The American Library Association has a goddess they revere. Their goddess, now deceased, is Judith Krug, past president of the portentously named Office of Intellectual Freedom (or is it the “Ministry of Truth”?) of the American Library Association. In a 1995 interview, she said this:
We have to serve the information needs of all the community and for so long “the community” that we served was the visible community…. And so, if we didn’t see those people, then we didn’t have to include them in our service arena. The truth is, we do have to.…
We never served the gay community. Now, we didn’t serve the gay community, because there weren’t materials to serve them. You can’t buy materials if they’re not there. But part of our responsibility is to identify what we need and then to begin to ask for it. Another thing we have to be real careful about is that even though the materials that come out initially aren’t wonderful, it’s still incumbent upon us to have that voice represented in the collection. This was exactly what happened in the early days of the women’s movement, and as the black community became more visible and began to demand more materials that fulfilled their particular information needs. We can’t sit back and say, “Well, they’re not the high-quality materials I’m used to buying.” They’re probably not, but if they are the only thing available, then I believe we have to get them into the library. [emphasis added]
I wonder if librarians are heeding Krug’s words when it comes to resources that espouse conservative views on the nature and morality of homosexuality. Are the anti-book-banning soldiers fighting to fill the gaping lacuna in their book collections on this topic? Are they fulfilling their responsibility to fill that hole, if necessary with materials that are less than “wonderful”—which is to say, with materials that their “professionally recognized review journals” may not review positively or at all?

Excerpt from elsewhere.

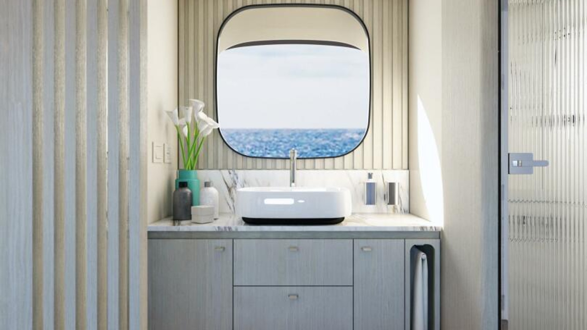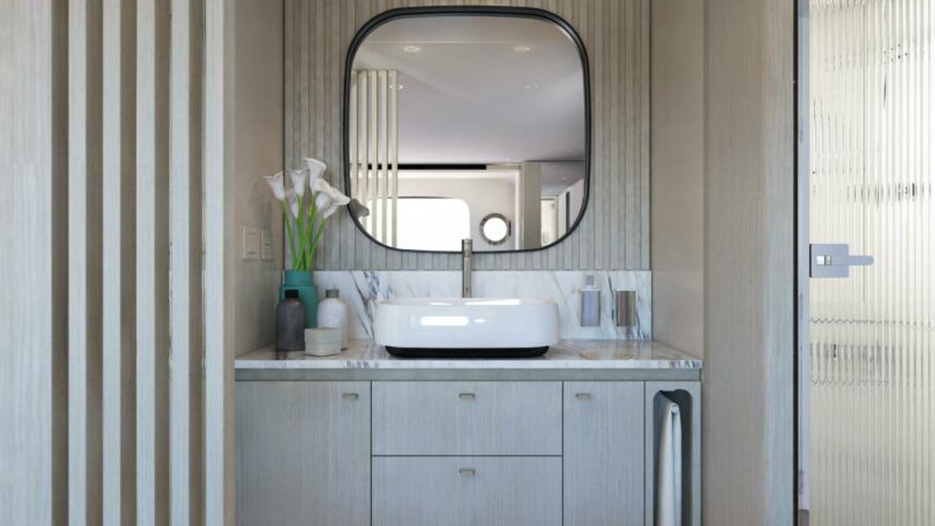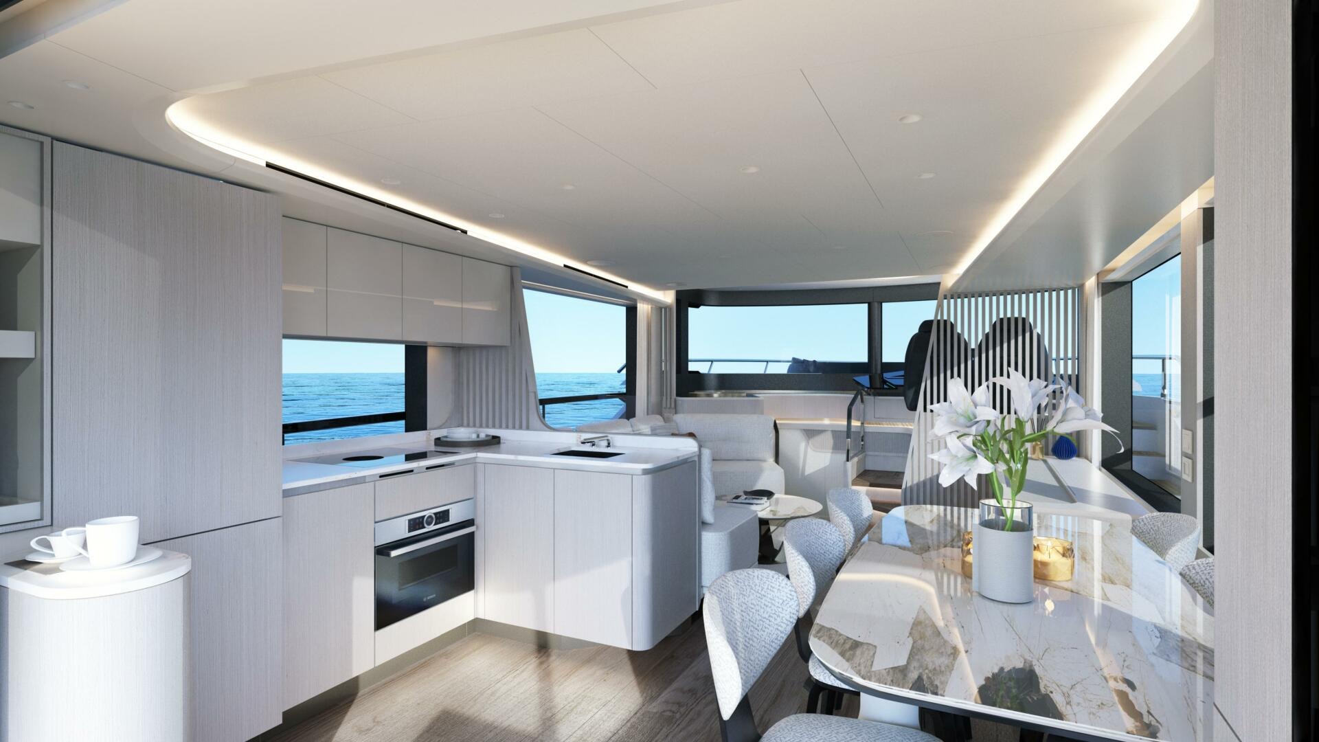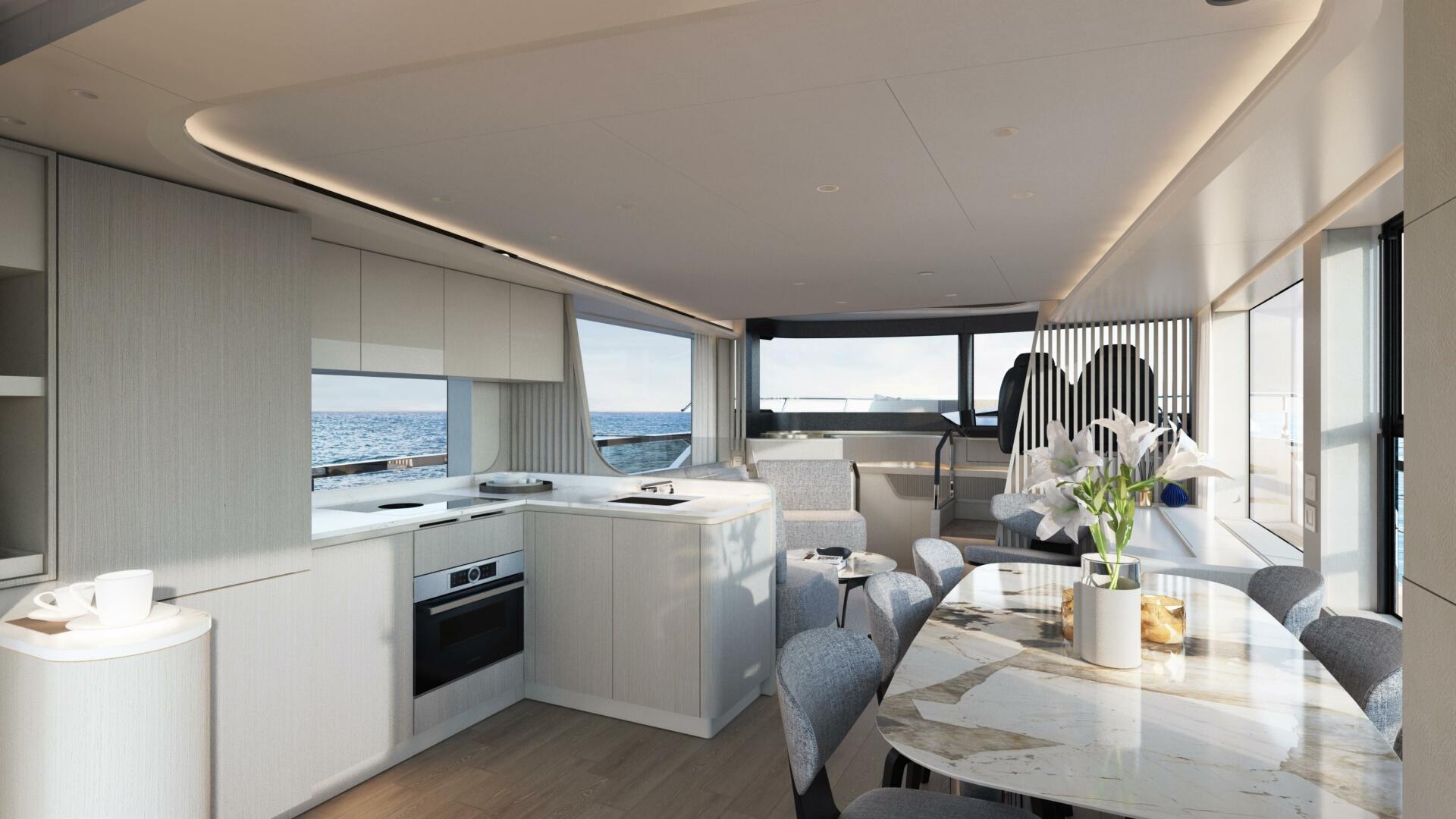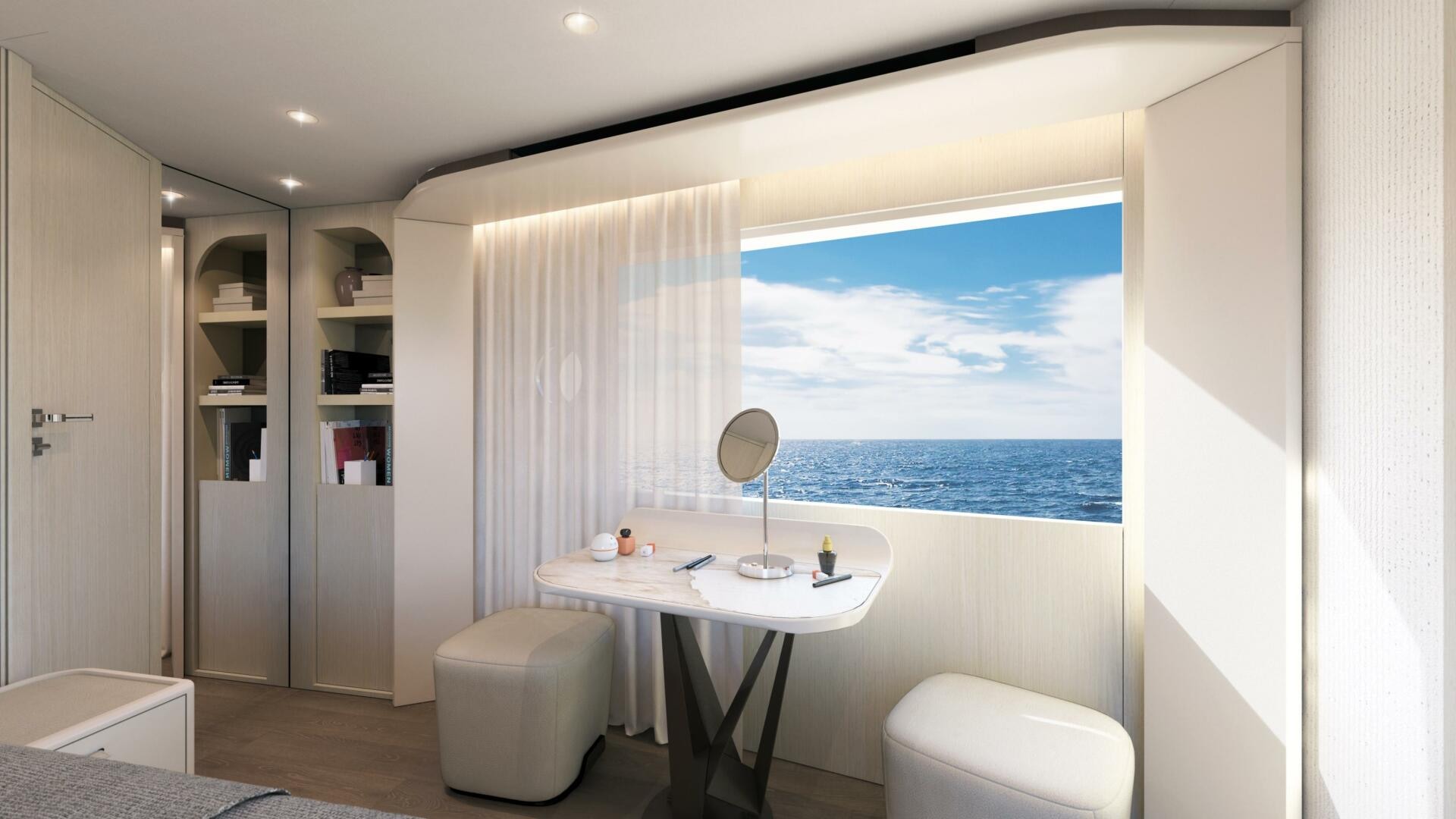 - Luxury Pack: salon dining table with ceramic surface, wall behind the headboard in bow master cabin in marble-effect ceramic and wall behind the headboard in VIP cabin with geometric pattern fabric

Next year, will the Schaumburg librarians display photos of empty shelves where books that challenge Leftist assumptions about the nature and morality of homosexuality should be (you know, pro-heterosexuality/pro-heteronormativity books)?
Will they ask for young adult (YA) novels about teens who feel sadness and resentment about being intentionally deprived of a mother or father and who seek to find their missing biological parents?
Will they ask for dark, angsty novels about teens who are damaged by the promiscuity of their “gay” “fathers” who hold sexual monogamy in disdain?
Will they ask for novels about young adults who are consumed by a sense of loss and bitterness that their politically correct and foolish parents allowed them during the entirety of their childhood to cross-dress, change their names, and take medication to prevent puberty, thus deforming their bodies?
Will they ask for novels about teens who suffer because of the harrowing fights and serial “marriages” of their lesbian mothers?
Will they ask for picture books that show the joy a little birdie experiences when after the West Nile virus deaths of her two daddies, she’s finally adopted by a daddy and mommy?
Surely, there are some teens and children who will identify with such stories.
Maybe next year, Schaumburg librarians will display mugshots of themselves holding these books:
- What is Marriage? Man and Woman: A Defense by Ryan Anderson, Robert George, and Sherif Girgis
- One Body by Alexander Pruss
- Ex-Gays? by Stanton Jones and Mark Yarhouse
- The Bible and Homosexual Practice by Robert Gagnon
- The God of Sex by Peter Jones
- The Meaning of Marriage edited by Robert George and Jean Bethke Elshtain
- Divorcing Marriage edited by Daniel Cere and Douglas Farrow
- Out From Under: The Impact of Homosexual Parenting by Dawn Stefanowicz
- The Secret Thoughts of an Unlikely Convert by Rosaria Champagne Butterfield
- Out of a Far Country by Christopher Yuan and Angela Yuan
Oh, wait. Unlike the books the librarians are holding this year, these books actually aren’t in their library. Hmmm, I wonder if they were banned.